Authored by zatrazz on Sep 10 2015, 8:03 AM.

Download Raw Diff

Details

Reviewers

kcc
rengolin
dvyukov
eugenis
pcc

Summary

This patch adds a runtime check for asan, dfsan, msan, and tsan for
architectures that support multiple VMA size (like aarch64). Currently
the check only prints a warning indicating which is the VMA built and
expected against the one detected at runtime.

Diff Detail

Event Timeline

zatrazz updated this revision to Diff 34447.Sep 10 2015, 8:03 AM

zatrazz retitled this revision from to [PATCH] [compiler-rt] [sanitizers] Add VMA size check at runtime.

zatrazz updated this object.

zatrazz added reviewers: kcc, dvyukov, eugenis, pcc, rengolin.

zatrazz added a subscriber: llvm-commits.

Herald added a subscriber: aemerson. · View Herald TranscriptSep 10 2015, 8:03 AM

rengolin added inline comments.Sep 10 2015, 8:57 AM

lib/sanitizer_common/sanitizer_posix.cc
336	I was expecting this to print things like 39/42, not the max size.

zatrazz added inline comments.Sep 10 2015, 9:57 AM

lib/sanitizer_common/sanitizer_posix.cc
336	I tried to be less intrusive as possible, since only GetMaxVirtualAddress is really defined in a multiplatform way. However if the idea is to show 39/42 I think we can create a symbol to return it as well.

rengolin added inline comments.Sep 10 2015, 10:02 AM

lib/sanitizer_common/sanitizer_posix.cc
336	I think the max size will be very uninformative.

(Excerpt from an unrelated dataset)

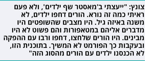 "זה בעיקר תלוי אם ההורה מרוכז בעצמו או בילד. השתתפתי ב'מאסטר שף ילדים', ייעצתי שם מאחורי הקלעים, ולא פעם ראיתי כמה זה נורא. הורים דחפו ילדים - ולא משנה באיזה גיל הם. היו מצבים שהשופטים היו מדברים אליהם במטאפורות והם פשוט לא היו מבינים. היו הורים שלחצו, דחפו ורבו עם ההפקה ובעקבות כך הפורמט לא המשיך. בתוכנית הזו, לא הכנסנו ילדים עם הורים מהסוג הזה. לא רצינו שזה יהיה ממקום של משמעת וכעס. היו ילדים עם סיפורי חיים קשים בלי כוחות להתמודד איתם, הם לא נכנסו".

Maybe it would be good to have that CLZ function in the sanitizers after all.

Updated patch to prints bits instead of total VMA range.

I would have assumed it would be relatively straightforward to support multiple virtual-memory address space sizes in a single compiler-rt library, by adding name mangling to the public functions in the library that need to behave differently for different VMA sizes. E.g. couldn't a name mangling scheme adding "_vma39/_vma42/_vma48" be used to get all the functions depending on VMA size into a single compiler-rt library?
Building different compiler-rt libraries just for this difference seems inconvenient to users to me. Furthermore, if for some reason another difference requires slightly different implementations in the sanitizers or in other functionality in compiler-rt, are we going to build the cartesian cross-product of all variants?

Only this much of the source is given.